This keynote and the following paper, published in a special issue involving several papers from the conference, started with ideas I developed more in-depth when doing an academic stay at University of Queensland in 2017. During the time in Brisbane, I did a lot of reading (in cafés at campus) and talking to some fantastic colleagues in an effort to communicate some ideas about the E in PE and how the P and E can be connected by putting some thought into the art of teaching and the educative potential of PE.
By returning to scholars that over the years had inspired me in their writings e.g. Arendt, Dewey, Biesta, Todd, and colleagues using didaktik theory, I argued that a sustainable aim for PE should be more physical education, where different ways of being in the world as some-body are both possible and encouraged. This, I argued, involves a certain view of the child in education and acknowledging that movement and movement cultures could be understood as something that should be explored and discovered, rather than closely related to instructive teaching, organization of activities, and behaviour modification. In order to do this, I tried to highlight the importance of teachers and as a consequence teaching as a continuous act of making judgements about the why(s), what(s) and how(s) of education, normative judgements about desirable change.
 
However, understanding the aim for PE as more physical education is also challenging since it involves seeing PE not primarily as a school subject or academic field but as a way to understand the educative potential of PE. This involves accepting a rejection of the notion that there is an end to education and thus the inevitability of open-endedness of PE in terms of that we are never fully physically educated but always being in a process of becoming physically educated.
 
What I ended up with in the paper, and where I still am in my thinking around PE, were some of my unfinished thoughts around what physical education as more physical education could involve:
 
1. A pedagogy of becoming – which includes a view of the child as always being in a process of becoming physically educated.

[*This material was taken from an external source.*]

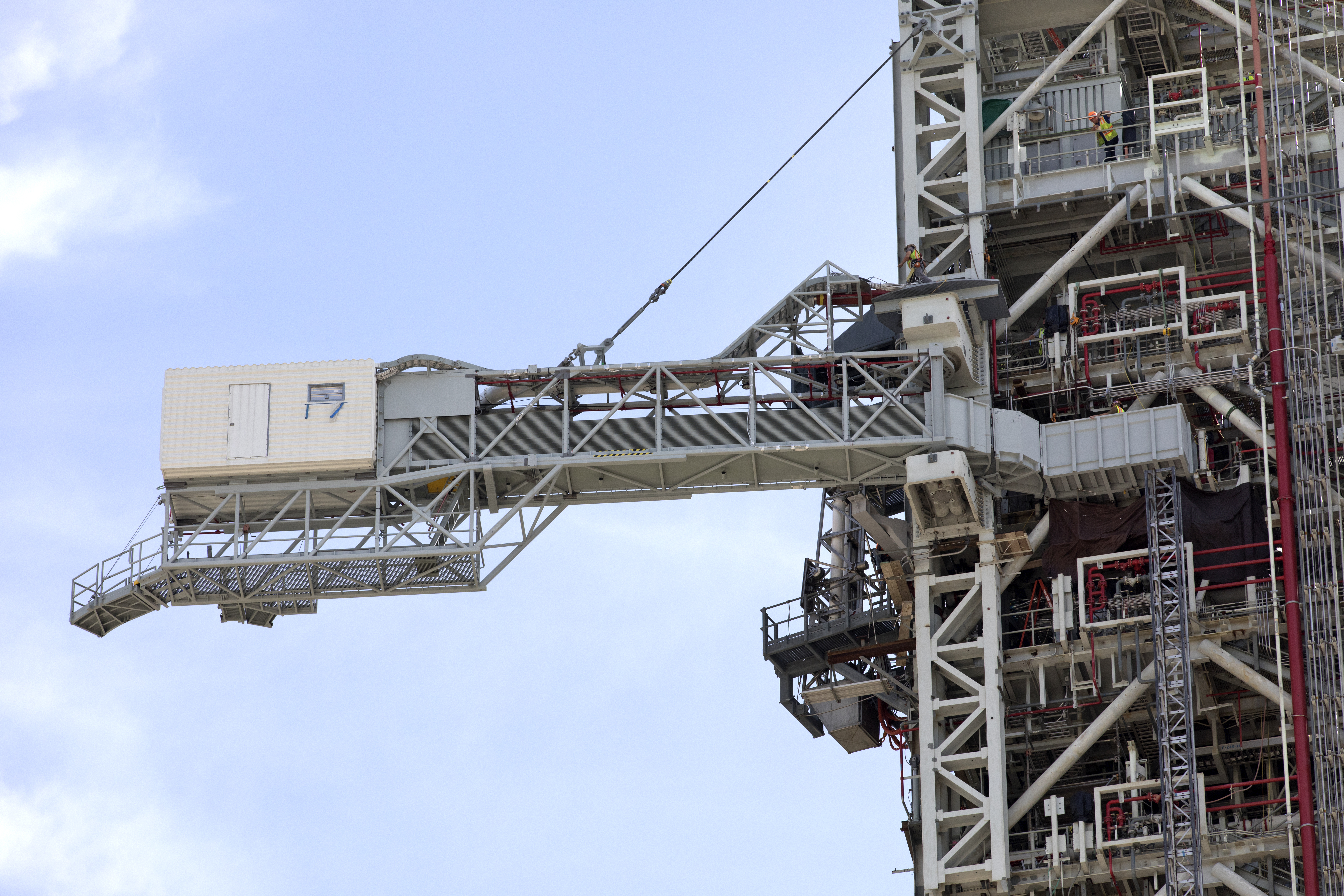 Technicians and engineers with Exploration Ground Systems at the NASA's Kennedy Space Center in Florida recently tested the Crew Access Arm (CAA) that was added on the mobile launcher being prepared to support the agency’s Orion spacecraft and Space Launch System rocket. The crucial test confirmed the functionality and integrity of the CAA. The CAA is designed to rotate from its retracted position and line up with Orion's crew hatch. The arm will provide entry and emergency egress for astronauts and technicians into and out of the Orion spacecraft.

2. A pedagogy of meaning – including a focus on meaningful experiences and the process of making new or revised meanings out of experience.
3. A pedagogy of hesitation – offering time for deliberation and reflection.
4. A pedagogy of interruption and discovery – bringing something new to education that involves uncertainty, curiosity and disturbance and making movement as well as movement culture something to discover.
5. A pedagogy of critical inquiry – focusing on the understanding and challenging of taken for granted assumptions about ourselves and others.
6. A pedagogy of social justice – offering opportunities to change oppressive, unfair and unsustainable PE practices in school as well as in society.
7. A pedagogy of plurality – viewing physical education practice as open-ended in terms of different possibilities, different ways of being or diverse opportunities to be for example healthy, however these are construed. (p. 619-620)
 
I realise that these seven ‘pedagogies’ are not that helpful to teachers out there but my ambition with the keynote was to contribute to a discussion around PE and education. It is always difficult to know where any text you write ends up in terms of how it is used or interpreted, but this one has been one of the more interesting and challenging ones. It is like sending out a balloon of thought into the world and eagerly waiting to see what happens.
 
Thanks Ash for engaging with the paper!